Are pins 6 through 13 analog inputs on a Mega?

Sorry super new with the hardware.

If i understand all of the pin-out documentation correctly, yes?

0-15 i believe. So 16 total analog-in.

I could definitely see an array working. All of that pasted code seems redundant to me even if i don't know the correct way :stuck_out_tongue:

I'll dig and do some reading on arrays, thanks!

AWOL:
Also, your pin numbers consume twice as much precious RAM as they ought.
Instead of "int", they should be "const byte".

You know after reading a few threads i saw a lot of people using 'const int' on the pin assignment! Though i didn't see 'const byte'. Could you explain the difference?

"int" two bytes, good for positive and negative pin numbers in the range -32768 to +32767 ((that's a lot of pins)
"byte" one byte, good for pin numbers in the range 0 to 255 (still a lot of pins)

AWOL:
"int" two bytes, good for positive and negative pin numbers in the range -32768 to +32767 ((that's a lot of pins)
"byte" one byte, good for pin numbers in the range 0 to 255 (still a lot of pins)

Haha perfect!

So my int will simply go from:

//Solenoid outputs

int solenoid1Pin = 4;
int solenoid2Pin = 5;

//Temp sensor inputs

int ambiPin = 6;
int cpuPin = 7;
int tankPin = 8;
int radPin = 9;
int tec1Pin = 10;
int tec2Pin = 11;
int tec3Pin = 12;
int tec4Pin = 13;
int freeze = false; //tec cooling on/off int

To:

//Solenoid outputs

const byte solenoid1Pin = 4;
const byte solenoid2Pin = 5;

//Temp sensor inputs

const byte ambiPin = 6;
const byte cpuPin = 7;
const byte tankPin = 8;
const byte radPin = 9;
const byte tec1Pin = 10;
const byte tec2Pin = 11;
const byte tec3Pin = 12;
const byte tec4Pin = 13;

Thanks ill do that when assigning pins from now on!

I'll take a crack at the for/array tonight. I think i have a good understanding of how it needs to work. Amazon should be dropping off my massive parts kit any minute, so i should be able to test this guy out on a basic level.

You might find that temp readings with this sketch are power supply dependent (= unstable).
When all other problems are sorted, switch to the inbuild 2.56volt Aref of the Mega.
Averaging and/or smoothing could further stabilise temp readings.
Calculation from A/D value to tempF could be done on one line.
Silly to go from A/D, to voltage, to tempC, to tempF.
Leo..

Thanks for the reply Leo!

I revised my conversion code. I think i have it down to one line, could you confirm?

Can i keep an analog read like this?

float temperatureF1 = (((((analogRead(ambiPin) * 5.0)/1024) - 0.5) * 100) * 9.0 / 5.0) + 32.0;

I think that's doing the math if it can be placed this way.
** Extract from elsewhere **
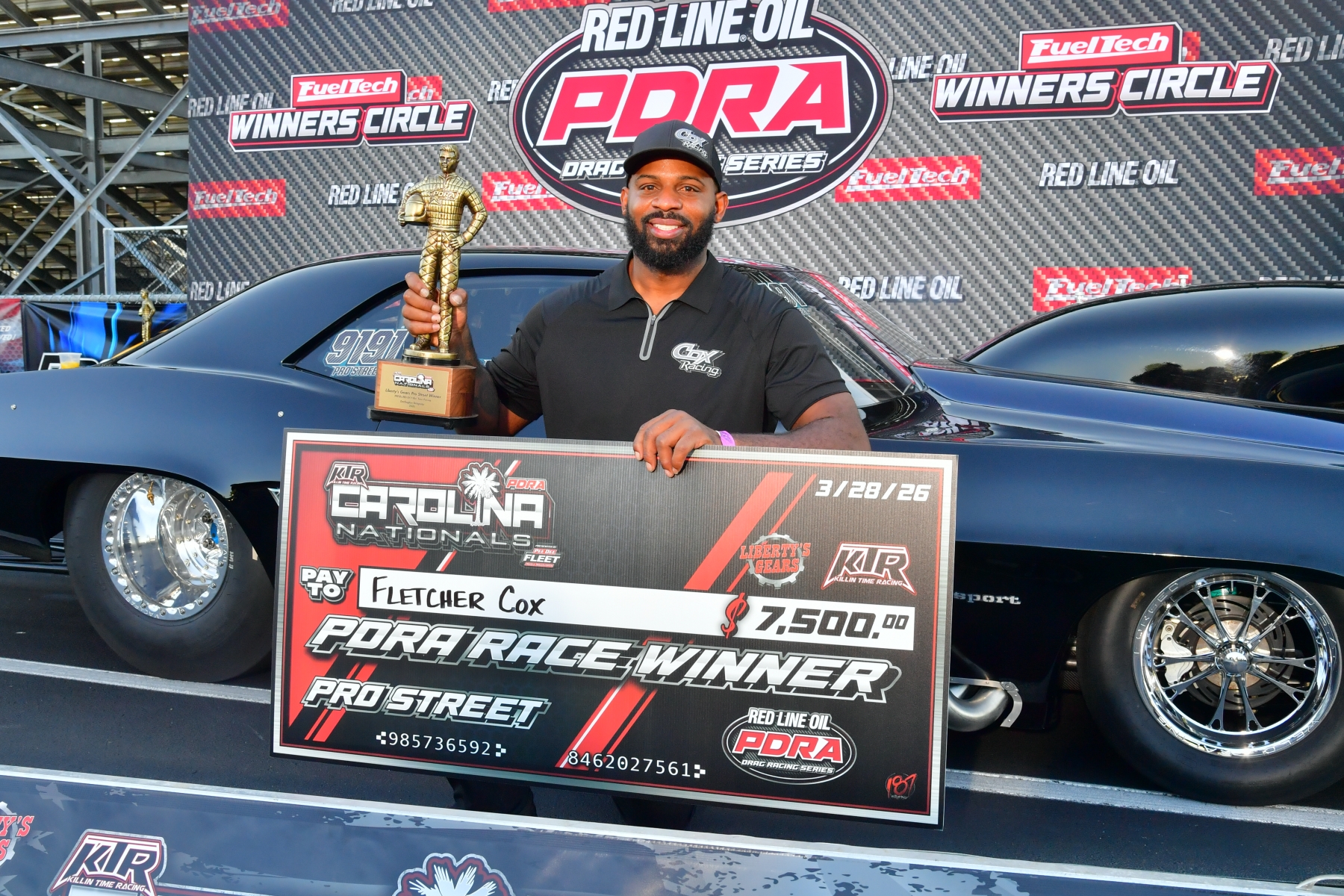 Last fall, retired NFL star Fletcher Cox earned his first career win as a driver in Pro Street at the PDRA Thunder Valley Throwdown, which was rained out at Bristol Dragway and completed at Darana Motorsports Park – Benson, NC during DragWars. His second career win came in similar fashion Thursday night, as he beat Jerry Morgano in the final round of the postponed Carolina Nationals that started at Darlington and wrapped up at Darana. He used a 4.020 to defeat Joel Wensley Jr. in the semifinals, then left on Jerry Morgano and ran a 3.967 at 188.96 in his Phil Shuler-tuned, nitrous-fed “Training Day” ’69 Camaro to beat Morgano’s 3.955 on a holeshot.

Also didn't know if i need to add an additional set of () to have it be like this....

float temperatureF1 = ((((((analogRead(ambiPin)) * 5.0)/1024) - 0.5) * 100) * 9.0 / 5.0) + 32.0;

I didn't get the TMP36's today but i did get some DS18B20 digital temp sensors with 4.7k resistors to run them. Either way i would still like to know what you think about the above code!

I think the first line is ok, but I’m not a good coder.
Someone else might have to confirm this.
9.0/5.0 can be replaced by *1.8

If you add this line in void setup()

analogReference(INTERNAL2V56); // switch to 2.56volt Aref, Mega only!!

AND change the maths line to: …(analogRead(ambiPin) * 2.56)/1024)…

Then you are measuring with a more stable reference voltage.
Not needed ofcourse for the (easier to use) digital DS18B20.
Leo…

Wawa:
I think the first line is ok, but I'm not a good coder.
Someone else might have to confirm this.
9.0/5.0 can be replaced by *1.8
Leo..

Won't make any difference. The compiler should simplify all that math for you anyway. Sometimes leaving it written out the long way makes it easier to see where the numbers come from.

Hi,

Welcome to the forum.

Please read the first post in any forum entitled how to use this forum.
http://forum.arduino.cc/index.php/topic,148850.0.html
then look down to item #7 about how to post your code.
It will be formatted in a scrolling window that makes it easier to read.

Can you please post a copy of your circuit, in CAD or a picture of a hand drawn circuit in jpg, png?

Thanks... Tom... :slight_smile:

I added the code tags. So it should be easier to read now :slight_smile: Before i get into the wiring diagram i need to make a few updates here as some hardware has changed, and a few experiments have necessitated a slight design change.

First and foremost i got my Arduino mega on Friday afternoon. I was not able to acquire TMP36’s but thanks to amazon i was able to get 5 of the Ds18b20. My god are those incredibly easy to work with. In less than 10 minutes i had 2 sensors up and running kicking me temp data. Even nicer is they only absorb one PWM pin. So naturally my program has changed. Also still don’t have the Transistors yet for my solenoids.

I added a sainsmart 3.2" TFT to my arduino using an Elecfreaks rev 2.2 shield. Despite all the troubles i read people have with them. Worked perfectly on the first fire up. Couldn’t be happier.

So currently i’m attempting to write an HMI for the TFT shield. Also was able to test my Peltier TEC in conjunction with my DS18b20. Wow was that thing impressive. Chilling the hot side down to about 60F i was able to squeeze all the way down to 1.04F or -17.2C on the cold side. My VAT was water, which froze solid, and kept the temp at a higher 28F. After switching the VAT fluid over to 50% glycol, it quickly dropped below that.

So my game plan is to get the HMI roughly outlined, and from there stick my logic within the HMI loops.

I’ll post up some schematics and code progress tonight! Would have last night but we had a nice power outage that stopped me from getting any work done, and even made me lose an hour of unsaved work :frowning: